В дальнейшем позиция Шульгина по отношению к земскому движению оставалась такой же двойственной: формально действуя на стороне ополчения, он делал всё для того, чтобы с ним продолжали считаться.
Новый статус Казани подчеркивался и возросшим авторитетом казанского митрополита Ефрема, оставшегося после смерти патриарха Гермогена одним из первых иерархов Русской церкви. Земскому ополчению нужен был пастырь, который мог стать правителем всех дел Русской церкви. К митрополиту Ефрему прямо обращались как к преемнику власти умершего патриарха Гермогена, видя в нем «едино утешение» и «великое светило… на свешнице в Российском государстве сияюща». В Ярославле готовы были даже пойти на чрезвычайные меры, вмешавшись во внутренний порядок церковных дел, и «по совету всея земли приговорили» выбрать в крутицкие митрополиты игумена Саввино-Сторожевского монастыря Исайю, ставшего духовным пастырем земского ополчения. Казанского митрополита Ефрема просили поставить нового владыку, выдать ему «ризницу» и «отпустить его под Москву к нам в полки вскоре»[615]. Обращение об этом было послано от князя Дмитрия Михайловича Пожарского и земского «Совета всея земли» в тот самый момент, когда ополчение двинулось из Ярославля в поход на Москву 29 июля 1612 года. Выступая уже от имени всего земского войска, в грамоте Ефрему писали: «Не мала скорбь нам належит, что под Москвою вся земля в собранье, а пастыря и учителя у нас нет».

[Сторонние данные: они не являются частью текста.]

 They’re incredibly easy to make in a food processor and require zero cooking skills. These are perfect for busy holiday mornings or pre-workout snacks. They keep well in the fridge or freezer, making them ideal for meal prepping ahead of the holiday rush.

Просьба в итоге так и осталась невыполненной, крутицкую кафедру впоследствии занял другой иерарх. Неизвестно даже, как мог митрополит Ефрем в одиночку, без церковного собора возвести игумена Исайю, по сути дела, в сан патриаршего местоблюстителя. Вполне возможно, что ополчение, обратившись к митрополиту Ефрему, переоценило степень его самостоятельности в Казани. Даже действуя в интересах церкви, он, видимо, не мог решить этот вопрос без совета с Никанором Шульгиным. А тому, напротив, было на руку, что именно казанского митрополита признали в земском ополчении временным главой Русской церкви. Да и сам митрополит Ефрем мог рассчитывать на приезд в столицу.

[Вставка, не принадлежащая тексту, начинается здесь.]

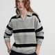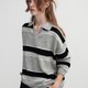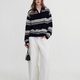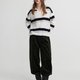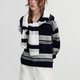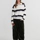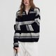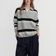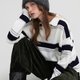 羊毛混紡材質,質地柔軟親膚,保暖厚實優良的回彈性、伸縮適度的張力。經典藏青白灰色系條紋交織打造出獨特的視覺效果。

В подчинении Никанора Шульгина оставалась огромная сила, сопоставимая по численности с отрядами ополчений. Только один отряд свияжских татар, отправленный Шульгиным в конце 1612 года на помощь в борьбе с Иваном Заруц-ким, насчитывал более четырех тысяч человек[616]. Поэтому пока шла борьба за Москву, Шульгину многое прощалось и сходило с рук. Его даже повысили до ранга воеводы, отправив в поход на Арзамас; далее казанское войско должно было действовать против Ивана Заруцкого, обосновавшегося под Рязанью[617]. По дороге Никанор Шульгин исполнил свою старую угрозу курмышскому воеводе Смирному Елагину, сменив его на другого — Савина Осипова[618]. Между прочим, когда воевода нижегородского ополчения князь Дмитрий Пожарский также пытался сместить Елагина и заменить его нижегородским дворянином Дмитрием Саввичем Жедринским в феврале 1612 года, ему это не удалось[619]. Курмыш, вступивший в союз с Арзамасом и другими понизовыми городами — Козьмодемьянском, Ядрином, Санчурином и Свияжском, только отдалялся от нижегородского движения. В начале лета 1612 года он держался присяги царю Дмитрию[620], то есть поддерживал подмосковные «таборы», а не земские силы, собиравшиеся в Ярославле.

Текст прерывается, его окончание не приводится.